2010年3月11日星期四

Fooled by Rates and Ratios

In the book Fooled by Randomness, Nassim Nicholas Taleb wrote:
I found in the behavioral literature at least forty damning examples of such acute biases, systematic departures from rational behavior widespread across professions and fields. Below is the account of a well-known test, and an embarrassing one for the medical profession. The following famous quiz was given to medical doctors (which I borrowed from the excellent Deborah Bennett's Randomness).

A test of a disease presents a rate of 5% false positives. The disease strikes 1/1,000 of the population. People are tested at random, regardless of whether they are suspected of having the disease. A patient's test is positive. What is the probability of the patient being stricken with the disease?

Most doctors answered 95%, simply taking into account the fact that the test has a 95% accuracy rate. The answer is the conditional probability that the patient is sick and the test shows it ─ close to 2%. Less than one in five professionals got it right.

I will simplify the answer (using the frequency approach). Assume no false negatives. Consider that out of 1,000 patients who are administered the test, one will be expected to be afflicted with the disease. Out of a population of the remaining 999 healthy patients, the test will identify about 50 with the disease (it is 95% accurate). The correct answer should be that the probability of being afflicted with the disease for someone selected at random who presented a positive test is the following ratio:

Number of afflicted persons / Number of true and false positives here 1 in 51.

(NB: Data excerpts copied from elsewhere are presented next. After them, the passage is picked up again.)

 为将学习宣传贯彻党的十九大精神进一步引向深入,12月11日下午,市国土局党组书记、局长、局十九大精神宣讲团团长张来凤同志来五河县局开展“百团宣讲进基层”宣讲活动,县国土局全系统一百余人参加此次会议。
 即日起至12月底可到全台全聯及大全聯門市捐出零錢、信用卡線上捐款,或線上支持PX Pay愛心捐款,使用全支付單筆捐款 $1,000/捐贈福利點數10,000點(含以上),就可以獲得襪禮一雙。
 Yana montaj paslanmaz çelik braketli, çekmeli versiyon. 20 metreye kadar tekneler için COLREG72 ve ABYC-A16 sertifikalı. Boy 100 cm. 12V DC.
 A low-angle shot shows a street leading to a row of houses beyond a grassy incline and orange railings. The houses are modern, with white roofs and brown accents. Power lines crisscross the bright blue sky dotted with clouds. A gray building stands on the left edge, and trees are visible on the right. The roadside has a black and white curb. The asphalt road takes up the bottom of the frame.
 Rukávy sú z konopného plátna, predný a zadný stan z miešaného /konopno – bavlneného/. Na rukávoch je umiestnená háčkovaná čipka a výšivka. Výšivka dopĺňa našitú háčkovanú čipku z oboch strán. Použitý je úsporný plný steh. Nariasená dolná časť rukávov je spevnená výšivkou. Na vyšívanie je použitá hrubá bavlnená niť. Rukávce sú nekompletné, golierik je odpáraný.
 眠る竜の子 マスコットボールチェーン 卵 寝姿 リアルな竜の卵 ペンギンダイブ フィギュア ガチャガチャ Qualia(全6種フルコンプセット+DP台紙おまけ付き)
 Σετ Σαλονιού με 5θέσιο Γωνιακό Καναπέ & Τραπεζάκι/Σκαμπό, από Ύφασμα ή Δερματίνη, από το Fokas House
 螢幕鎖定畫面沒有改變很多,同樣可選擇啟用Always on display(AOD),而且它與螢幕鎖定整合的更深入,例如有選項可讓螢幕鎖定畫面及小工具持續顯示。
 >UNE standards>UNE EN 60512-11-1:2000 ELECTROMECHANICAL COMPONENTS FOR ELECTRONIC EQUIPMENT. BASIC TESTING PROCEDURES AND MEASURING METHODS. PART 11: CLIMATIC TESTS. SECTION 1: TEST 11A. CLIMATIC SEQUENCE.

Think of the number of times you will be given a medication that carries damaging side effects for a given disease you were told you had, when you may only have a 2% probability of being afflicted with it!

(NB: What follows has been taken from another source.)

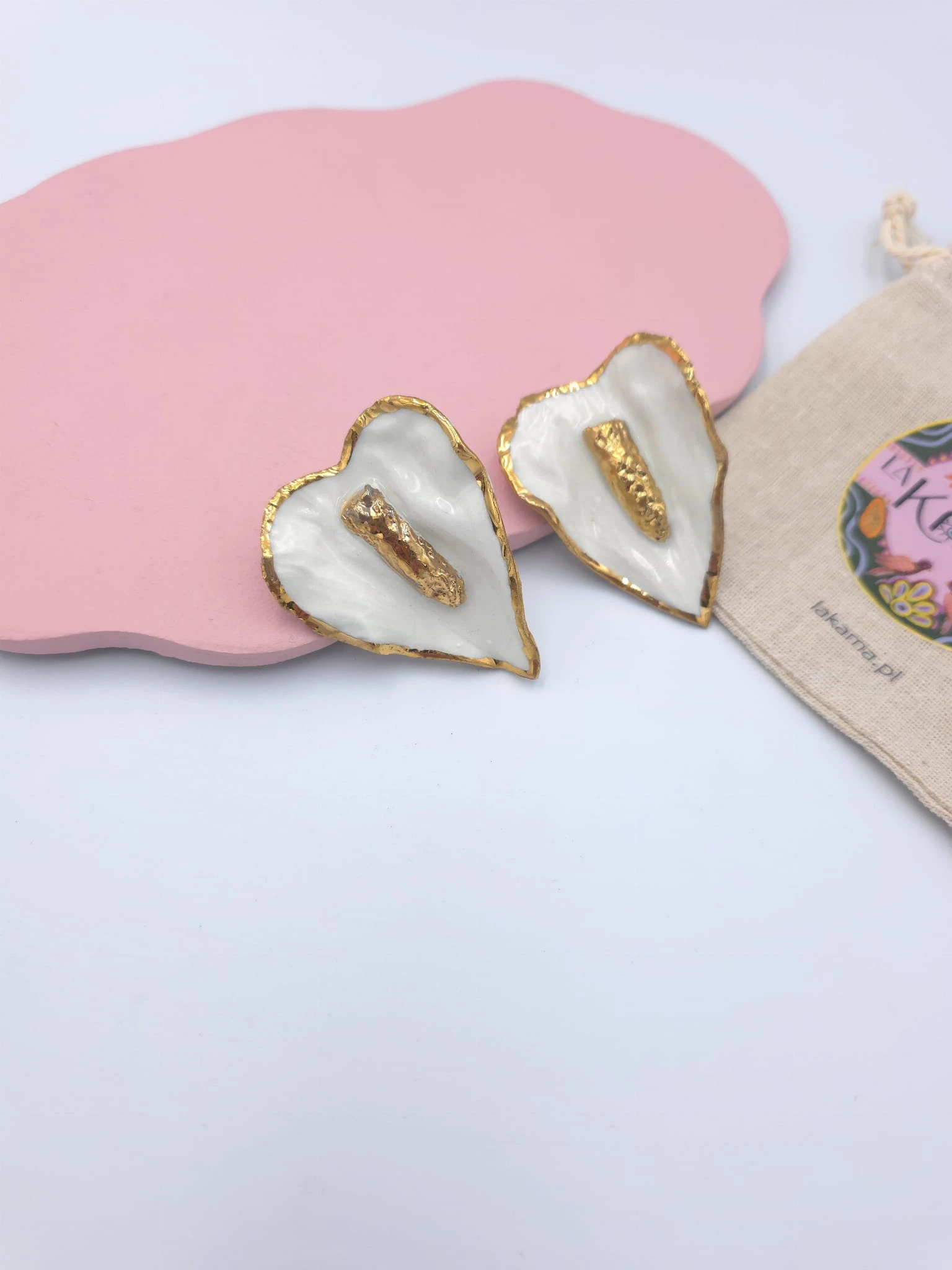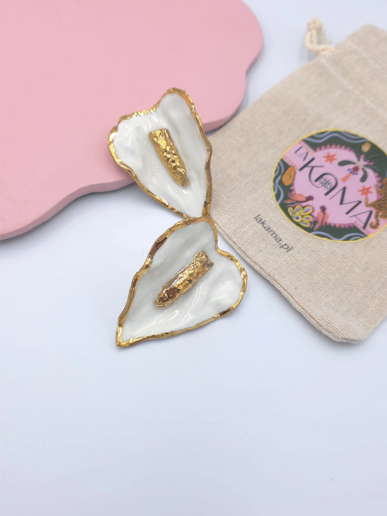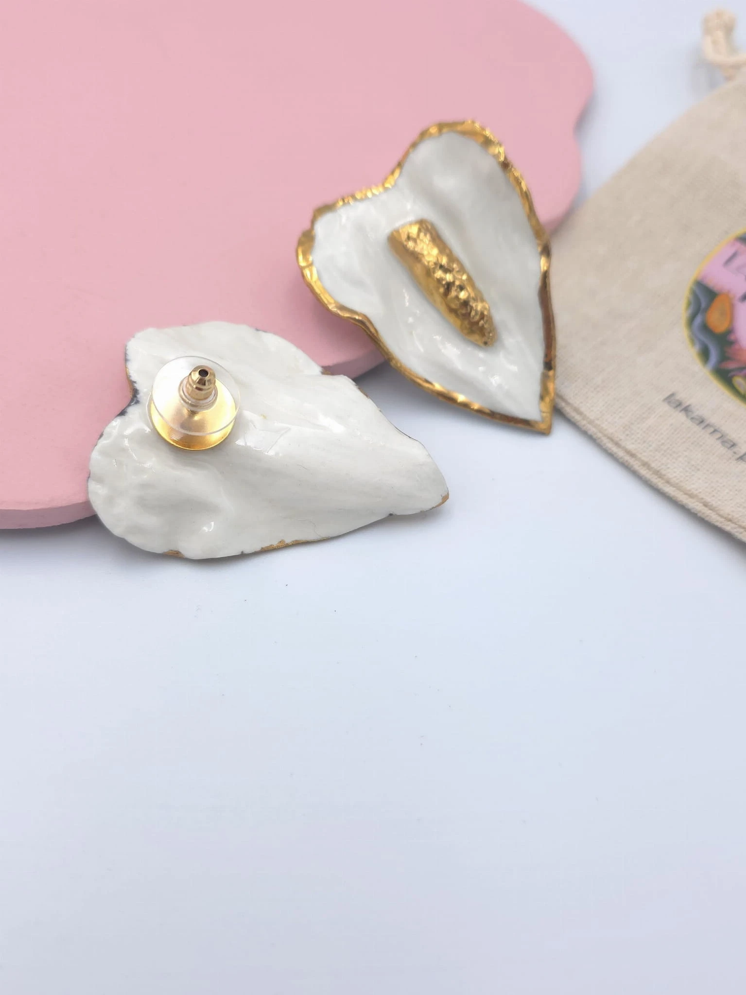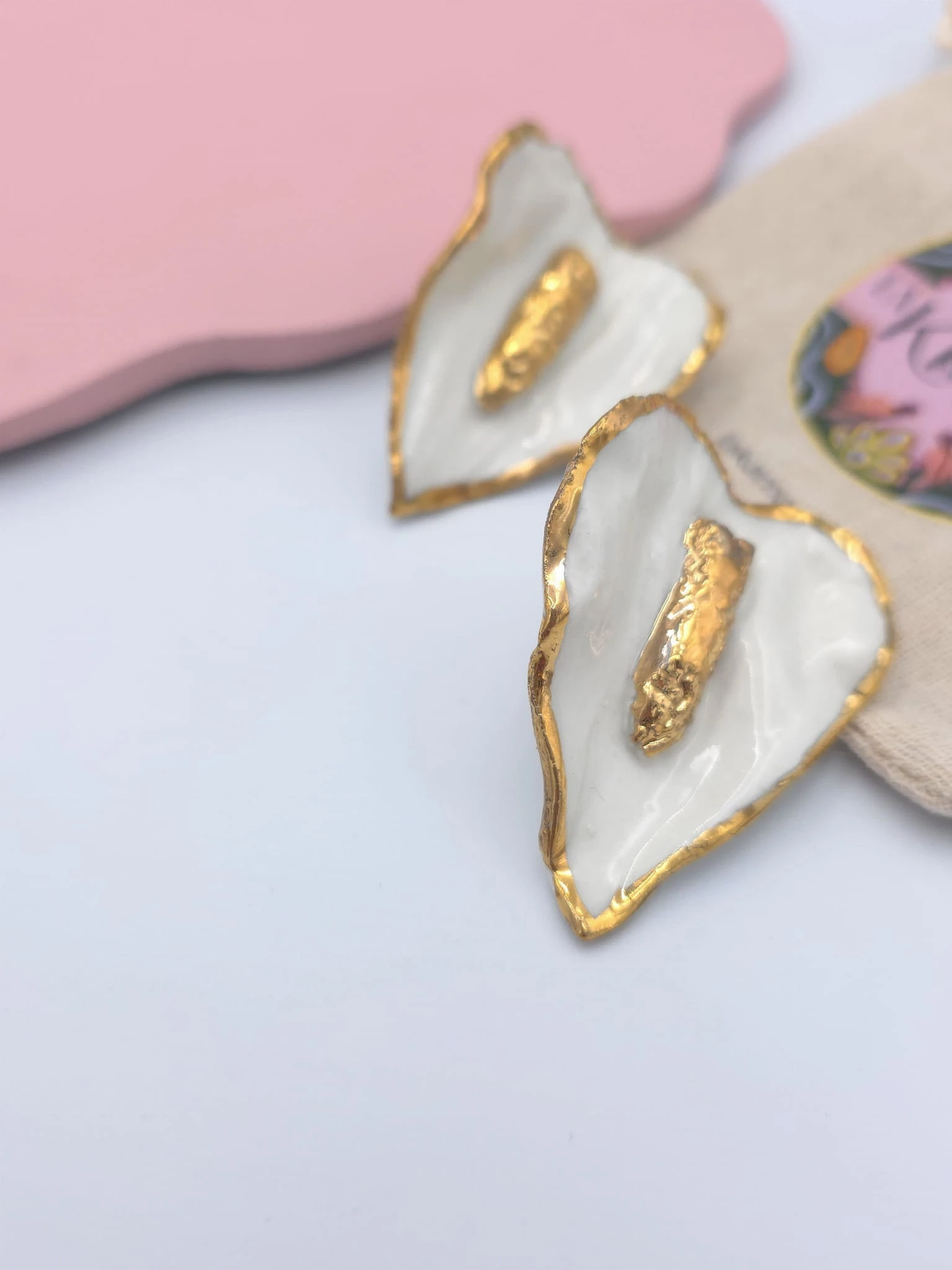 Kolczyki z porcelany, zdobione prawdziwym złotem.

I recall that when I first came across with the subject of verification, I often mixed up rates and ratios. I later learned that false alarm ratio and false alarm rate are not the same, and hit rate and hit ratio are different. As in the above example, "rate of 5% false positive" means the false alarm rate is 5% (which is also equivalent to saying that the hit rate is 95%) whereas what the question asking is about the hit ratio (which complements the false alarm ratio).

What is more striking is that false alarm rate and false alarm ratio, both llustrates how frequent false alarm is encountered, can differ very much in number when the subject event is rare. In the given example, subject to the rate of occurrence of 1/1,000, a false alarm rate of 5% is in contrast with a false alarm ratio of over 98%!

The lesson to learn is that: when you are being told of the performance of a system by someone who throws out charts and numbers, beware of being tricked by small false alarm rate. It can be leveraged by the large number in the null-null quadrant of the contingency table to result in a large false alarm ratio.

The 2002 Nobel Prize in Economics was notable because one of the laureates Daniel Kahneman is not an economist but a psychologist. Kahneman, in collaboration with Amos Tversky, developed the Prospect Theory which is a psychologically realistic alternative to the classical Expected Utility Theory.

In their study, Kahneman and Tversky clarified the kinds of misperceptions of randomness that fuel many of the common fallacies and biases. What illustrated in the original posting of this subject is a fallacy that is commonly known as the base rate fallacy. In the legal regime, such a fallacy together with other fallacies, are collectively referred to as the prosecutor's fallacy.